From 2014 the agencies have been trying to rationalise two opposing and pivotal rating factors: inadequate risk-adjusted pricing versus very robust capitalisation. This has led to a range of different, and changing, sector level opinions from the agencies.

Normal credit-analytic logic is that future profitability drives future capital adequacy. Since ratings are prospective, the pricing environment has the potential to trump the current capital position—that is why AM Best maintains a negative rating outlook on the sector. Moody’s, however, has just restored its sector outlook to stable from negative. Fitch and S&P both have stable ratings outlooks for the sector while flagging the concern that returns on capital are trending below the cost of capital.

This is all in a context where—pre-HIM—nobody saw pricing getting any better (for ‘sellers’).

Yet, other than the case-specific consequences of M&A, reinsurer ratings have hardly seen downgrades.

A reason underpinning this is perceived ERM quality. For individual reinsurers this has helped provide a floor to the rating agencies’ pricing concerns. These persist of course, but if a reinsurer’s risk appetite and tolerances are well-defined, risk controls and governance look robust and risk modelling is high quality and well tested then that downside concern is mitigated.

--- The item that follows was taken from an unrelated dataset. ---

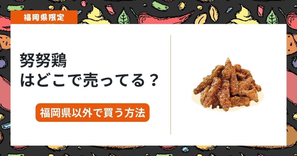 引っ越す前やお土産でもらったときに食べた努努鶏の味が忘れられない! そんなあなたのために福岡県以外で努努鶏を買う方法をご紹介します。 この記事を読めば、「努努鶏がどこで売ってる?」という疑問が解決し、あの味をもう一度楽しむことができます。... -

Which leads us back to how 2017’s cat events may impact things, even if it is not a full blown ‘capital event’ for a rated reinsurer. If the ERM system is seen to have performed well under this degree of stress then that should reinforce an agency’s faith in it.

Conversely, if key expectations around maximum exposures by return period are not met, this supporting plank of a reinsurer’s rating may come under pressure. Not only might the ERM assessment in isolation be impacted, but positive assessments across the ratings process could be challenged (such as confidence in prospective operating performance and the effectiveness of board oversight).

The challenges of ‘loss assessment’ could add to the complexity of agency communications for reinsurers. A conservative approach to year-end 2017 event reserving will make the headline accident year number and event loss scale versus stated risk tolerances look worse.

It could also weaken apparent risk-adjusted capital by increasing the ‘required capital’ for reserves.

Any rated reinsurer believing it is following an appropriately cautious path with its catastrophe reserving numbers should make very sure it explains that to the rating agencies, for example, by explicitly showing the outcomes ‘with and without’ that additional prudence.